Aubert’s colleague Adam Brumm, also of Griffith University, visited the Maros region of southwest Sulawesi in 2011 with Indonesian researchers and wondered if they could date the paintings. They knew that humans had been in the area at least 35,000 years ago, the age given to ocher crayons and ocher-smeared stone tools they had excavated from the Leang Burung 2 rock shelter nearby. They noticed that some of the cave art was covered with “cave popcorn,” small stalactitelike growths that formed atop the paintings when mineral-rich water trickled over the cave walls. Over the next 2 years, Aubert used a diamond saw blade to collect 19 samples of calcite popcorn from 14 paintings in seven caves within a 1-kilometer radius. He then used the concentration of naturally occurring but unstable uranium in the calcite to estimate how much time had passed since the popcorn formed, giving him a minimum age for the art. The method has been proven robust for dating corals and larger rock formations in caves and has recently been adapted to date thin deposits of carbonate on rock art.

The team was surprised to find that the oldest hand stencil dated to at least 39,900 years ago. A painting of a fruit-eating “pig-deer,” called a babirusa, on the ceiling of the same cave dated to at least 35,400 years ago, the team reports online today in Nature. (Watch a video about the research.)

The hand stencils are a bit older than the hand outlines at Chauvet, if the dates are accurate. This suggests either that humans in Europe and Indonesia each invented symbolic art at roughly the same time, or that modern humans brought their artistic capabilities with them as they spread out of Africa starting about 60,000 years ago. The authors prefer the second explanation, because it fits with archaeological evidence showing that humans were not only on Sulawesi at the time, but were also in Australia by at least 50,000 years ago. Some of the Indonesian art resembles paintings in Australia, although much of the Australian rock art is undated.

Others agree that the Indonesian paintings support the African development of symbolic behavior. “The people leaving Africa had the capacity to create images of the world around them,” says paleoanthropologist Alison Brooks of George Washington University in Washington, D.C., who has long held that view.

But everything depends on whether the new dates hold up. “I have a big question mark about the dates,” says paleoanthropologist Randall White of New York University, co-author of a paper published earlier this year in the Bulletin de la Société préhistorique française that challenged the reliability of this dating method. The thin calcite deposits on cave art can be contaminated by new flows of uranium-containing water, dust, or other detritus, making the art seem older than it is, he and his colleagues argued. He thinks the dates need to be verified with a second dating method.
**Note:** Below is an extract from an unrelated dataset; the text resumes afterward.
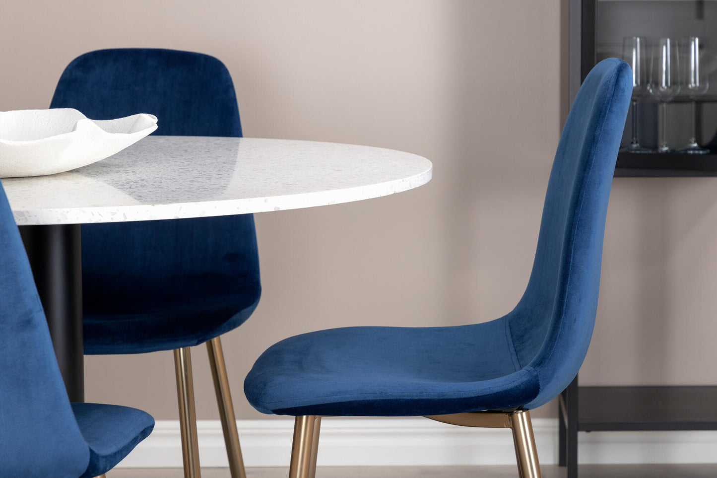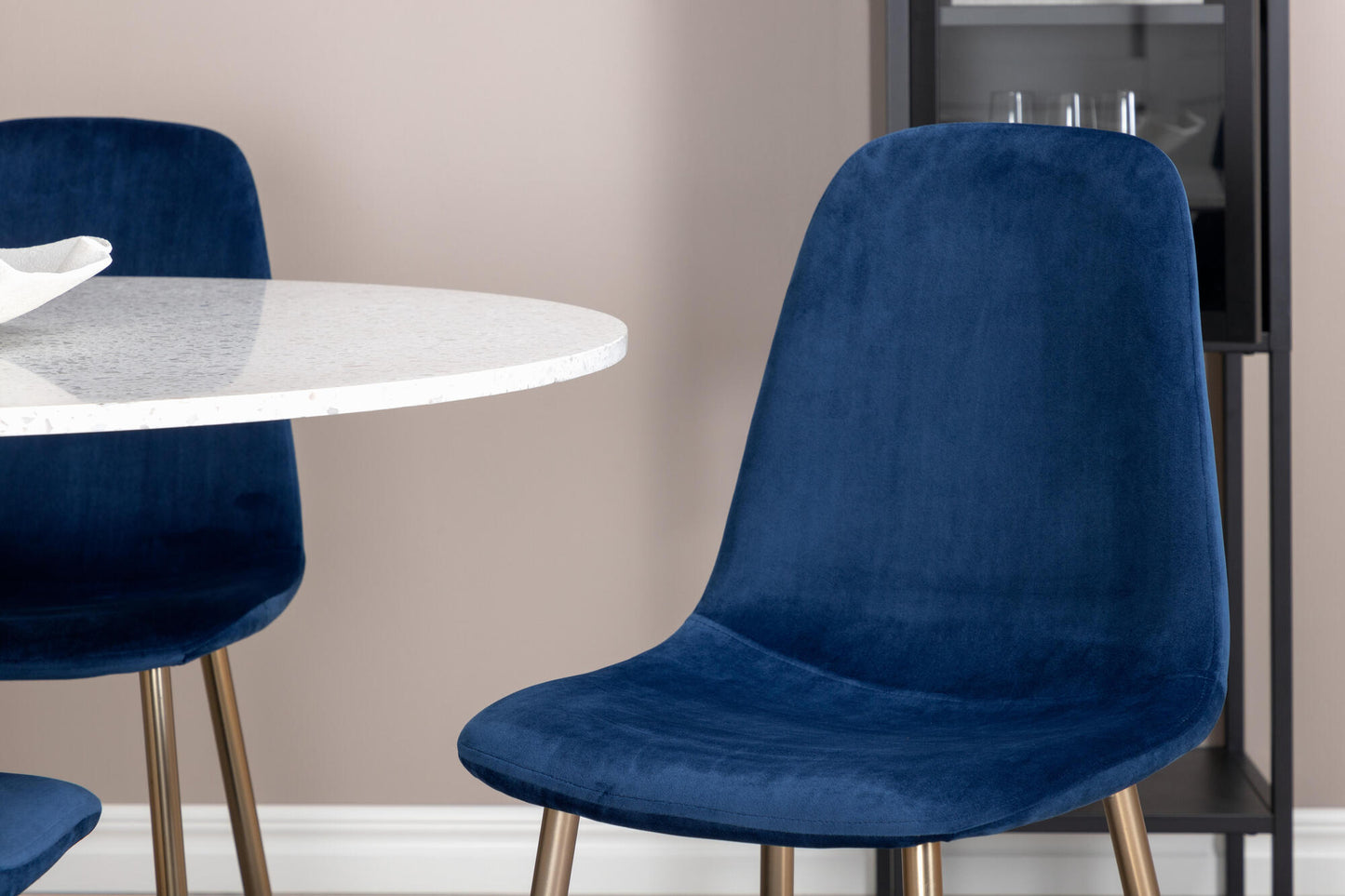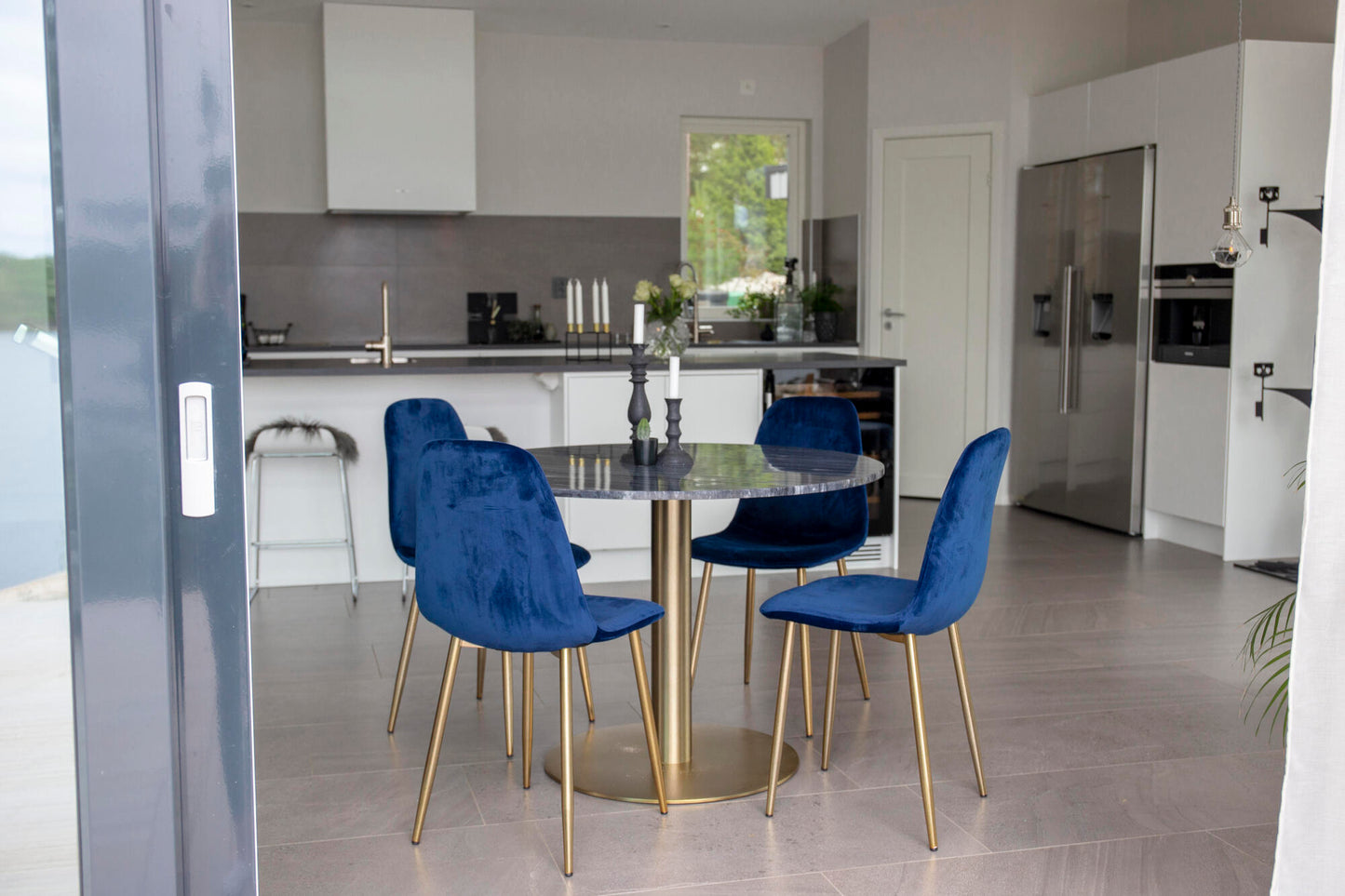 Sügavsinine sametkate, messingutoonis metalljalad ning polsterdatud iste ja seljatugi loovad luksusliku koosluse, mis tõmbab pilke ja lisab interjöörile eksklusiivse puudutuse.

Others, however, say they are satisfied that the team took special measures to date the site. For example, Aubert and his team took 55 samples of the layers of the calcite popcorn, showing that they formed a sort of ministratigraphic sequence in which the layers closest to the art were oldest and the top layers were the youngest. They also tested uranium and thorium contamination at multiple sites. “The work stands as an excellent example of how rigorous choice of samples and rigorous analysis makes the technique sound,” says archaeologist Paul Pettitt of Durham University in the United Kingdom, who was co-author of a paper applying the same method to cave art in Spain.

The team includes Thomas Sutikna of the National Centre for Archaeology in Jakarta and the University of Wollongong in Australia, who helped discover the “hobbit,” a small-statured human species from another Indonesian island, and he and Brumm are already excavating the caves near the newly dated art to search for ocher pieces, stone tools, and bones. Meanwhile, Aubert is optimistic that researchers will find more ancient art. “The discovery must surely be the tip of the iceberg,” Pettitt agrees. “So relatively little fieldwork has been undertaken on sites of this antiquity in the vastness of East Asia that it would be surprising if this were it.”